The Two Paths of Palestinian Islamism
Scholar Khaled Al Hroub discusses the common origins and divergent strategies of Hamas and Ra’am.
For the first time ever, Israel’s newly formed governing coalition includes one Palestinian Islamist Party, Mansour Abbas’s Ra’am. Meanwhile, the very same government has only recently agreed to a cease-fire with another Palestinian Islamist organization, Hamas. While Ra’am and Hamas are very different entities, they have some common origins, and understanding the divergence between them is crucial to making sense of the politics of Israel/Palestine right now.
For background on this divide, I talked about the history and development of Palestinian Islamism with Khaled Al Hroub, a professor in residence at Northwestern University in Qatar and the author of the books Hamas: A Beginner’s Guide and Hamas: Political Thought and Practice. Our conversation below has been edited and condensed. It originally appeared in yesterday’s email newsletter, to which you can subscribe here.
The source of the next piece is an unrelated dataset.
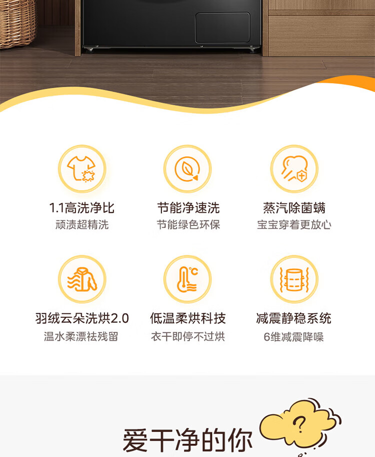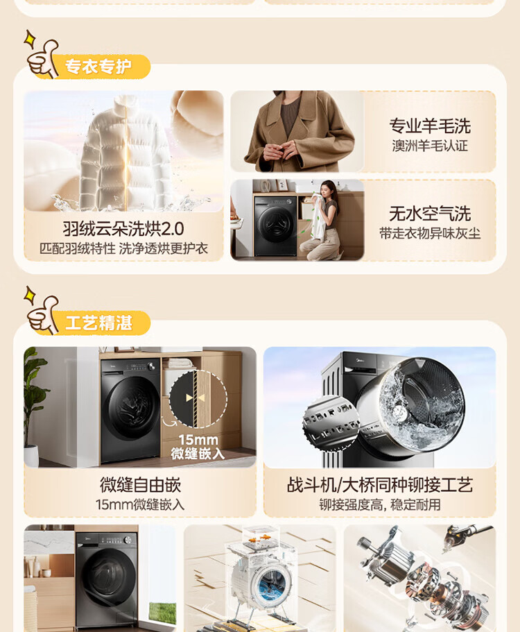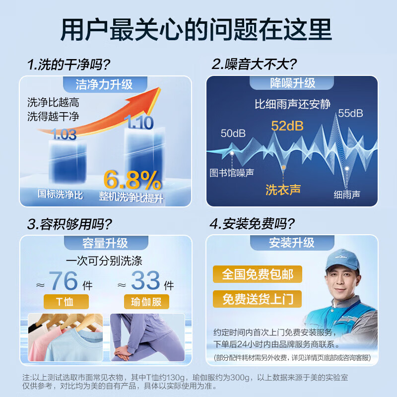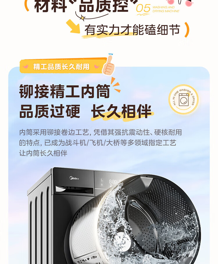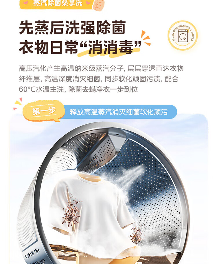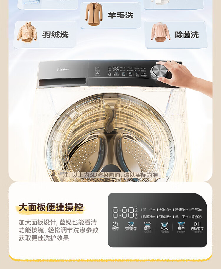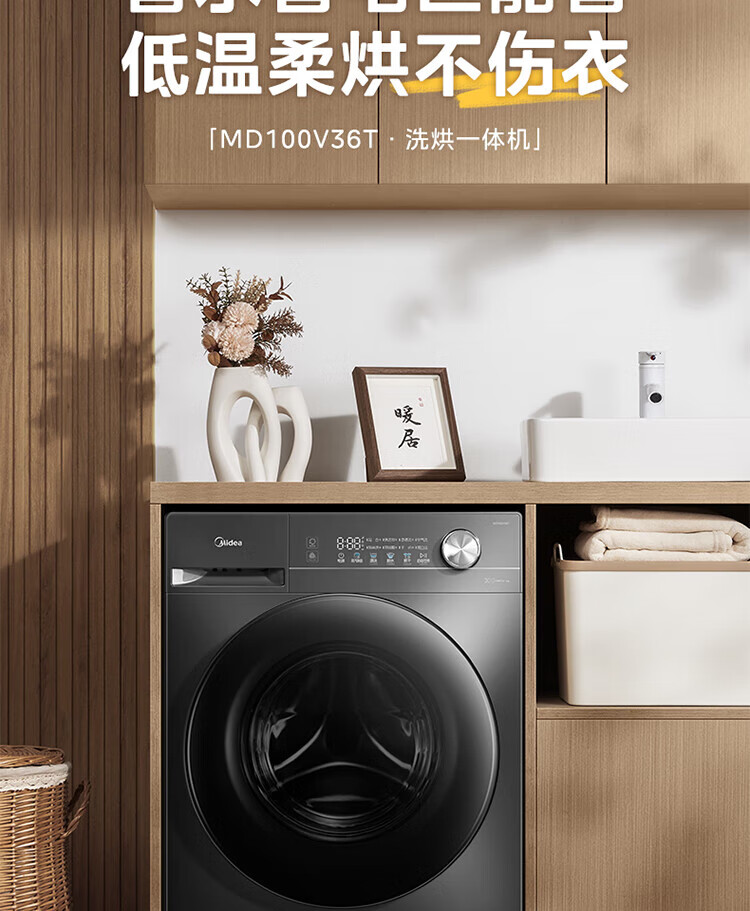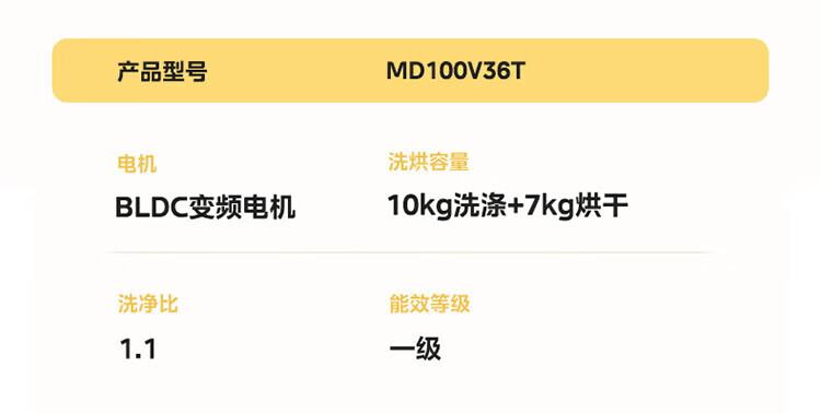 美的(Midea)滚筒洗衣机全自动 10公斤大容量洗脱/洗烘一体 家电补贴20% 一级能效以旧换新10kg MG100V36T洗脱一体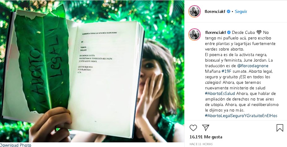 En Instagram, la hija de Cristina Kirchner compartió una foto de un texto de June Jordan, una activista estaounidense que falleció en 2002. Junto a la imagen del libro ubicó una planta con la inscripción " Aborto legal!". "Desde Cuba. No tengo mi pañuelo acá, pero escribo entre plantas y lagartijas fuertemente verdes sobre aborto", comenzó su mensaje.

Peter Beinart: Israel just fought a war with one Palestinian Islamist group, Hamas. Soon after, a different Palestinian Islamist group, Ra’am, joined the new Israeli governing coalition. Do these two groups share a common political lineage? How have they ended up in such different places?
Khaled Al Hroub: As with Christianity or Judaism, Islam has many interpretations. Within the Palestinian context, there have been maybe a dozen Islamist movements since the British Mandate period of the 1920s, all of them drawing different conclusions from the same sacred texts.
Hamas is a militant resistance movement—they believe that Israel is a colonial power and that the only way to get rid of Israel and the occupation is resistance, and they offer a religious justification to support this approach. But within Israel, there’s a different Islamist viewpoint that says that the reality is that Palestinians live within this state and are forced to deal with its racist policies, but maybe they can change certain aspects of it—and they provide religious justification behind this approach. So diverse interpretations of the same source can be used in support of whatever politics you are following.
PB: Do both Hamas and the Palestinian Islamist branches inside Israel proper have roots in the Muslim Brotherhood?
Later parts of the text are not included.